This sentence only means:

The instruction 0x1000nnnn (b nnnn) stored at the address X will jump to the instruction at the address X+4+4*nnnn, not to the instruction at the address X+4+nnnn.

The sentence says nothing about the PC register and its value itself.

I observed that the $pc register doesn't follow that rule and has always the byte memory address stored.

Shouldn't the $pc register be something like this before the execution of the below instructions located in the instruction addresses?

The question here is: What exactly is the $pc register?
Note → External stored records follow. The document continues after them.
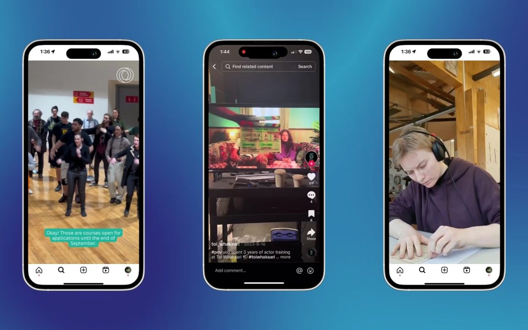 Social Good were pleased to work with Toi Whakaari in 2023 to support their recruitment campaign for 2024. We developed a social media plan with a focus on the different qualifications.  Alongside the core course content, we proposed a student-led content campaign, where students would create videos sharing their experiences at Toi Whakaari. This proved to be a great success! The results showed a significant increase in views for Toi Whakaari’s reels on Instagram and their TikToks. We also ran a paid campaign focused on generating leads. This was successful with hundreds of new potential students expressing interest.
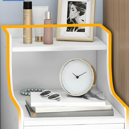 LITFAD Wood Small Nightstand Narrow End Table Modern Side Table with Open Storage and Drawers for Small Spaces Bed Side Table for Bedroom, Living Room-White, 12" L x 12" W x 27.5" H
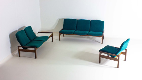 Habillé d'un luxueux tissu vert pétrole, cet ensemble unique signé Georges van Rijk pour Beaufort dégage une allure à la fois décontractée et affirmée, empreinte de modernité et de fraîcheur. Sa teinte verte vibrante évoque les palettes de couleurs audacieuses de son époque, tout en possédant une intemporalité qui s'accorde parfaitement avec les tendances actuelles en matière de décoration intérieure. Fabriqué en bois de wengé africain, l'ensemble se compose de deux bases 3 places et d'une base 1 place. Entièrement modulables, les assises et le plateau de la table permettent de créer de multiples configurations.
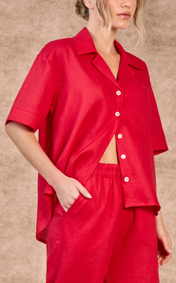 Pijama Americano Manga Curta com Shorts Puro Linho Rubi
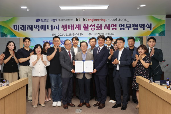 - 21일 진천군-㈜대연씨앤아이-㈜케이티-㈜케이티엔지니어링-리벨리온㈜, '미래 지역에너지 생태계 활성화 사업' MOU 체결
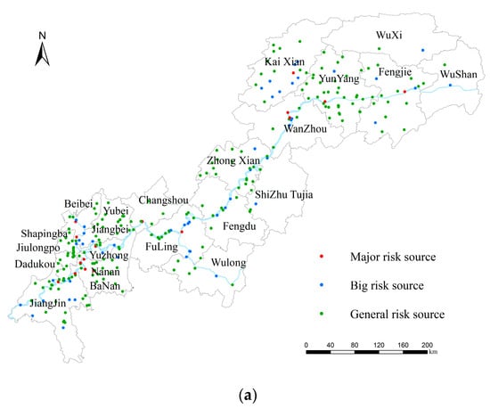 According to the grading standards of the water environment pollution risk evaluation index system, the risk sources, risk receptors, and the acceptable level of regional environmental risks were evaluated [32]. The risk sources in the study area were the sewage outlets of 289 key wastewater-producing enterprises, involving multiple industries. The annual total amount of wastewater produced by key pollution sources is about 1.45 billion tons. After evaluation, there were 14 major risk sources, 89 big risk sources, and 186 general risk sources. The spatial distribution of risk sources of different risk levels is detailed in Figure 5a. From the geographical distribution alone, Yunyang County had the largest number of risk sources with a total of 37, including 6 big risk sources and 31 general risk sources, but there were no major risk sources. There are a large number of industrial parks along the Yangtze River and Jialing River in the main urban area of Chongqing, which are the most intensive areas of high-risk pollution sources.
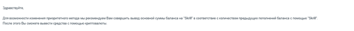 Сделал депозит через УСДТТРК20 50$, через 4 дня сделал депозит через Skrill 67$, еще через 4 дня поставил впервые на вывод на УСДТТРК20 90$(успешно), через 6 дней депаю со Skrill 115$ и через 3 дня снова УСПЕШНО вывожу на УСДТТРК20, - казалось метод УСДТ привязан все хорошо и исправно работает, но как только начал выводить крупные суммы 420$ и 577$, начали возвращать на баланс все запросы на вывод УСДТТРК20, пытался решить с поддержкой вопрос(ниже скрин переписки), никакого внятного ответа я от них не получил, почему я не могу вывести на УСДТТРК20.
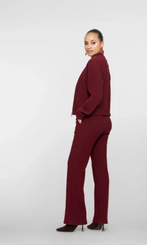 Deze Geisha broek in de kleur Port (bordeaux) combineert stijl en comfort in ƩƩn verfijnd ontwerp. Het high waist model met flared pijpen creƫert een vrouwelijk en elegant silhouet, terwijl de subtiele honeycomb structuur zorgt voor een luxe en moderne uitstraling.

On some CPUs (like ARM), there are instructions that would be written as addu $t0,$t0,$pc in MIPS assembly language. Talking about such CPUs it is easy to answer the question:

The value of the $pc register is the value which will be added to $t0 if the instruction addu $t0,$t0,$pc is executed.

On real MIPS CPUs (not MIPS emulators), the PC register is some kind of memory (a 30-bit latch) which can hold 30 bits of information.

However, when talking about information stored in some memory, we have to define how to interpret the information:

The bits 10000111 may be interpreted as 135 (unsigned), 87 (BCD), -121 (two's complement), -120 (one's complement), -7 (sign and absolute), SOME_ENUM_CONSTANT (enumeration), -0.09, 0.7, 1.35 (various floating- and fixed-point variants) ...

It is well defined that the bits 0000...011100 in the PC register point to the instruction at address 0x70. However, it is not defined if this value has to be written as PC=0x1C or as PC=0x70.

Therefore some MIPS emulator might display $pc=0x400000 and another one might display $pc=0x100000 for the same value in the PC register!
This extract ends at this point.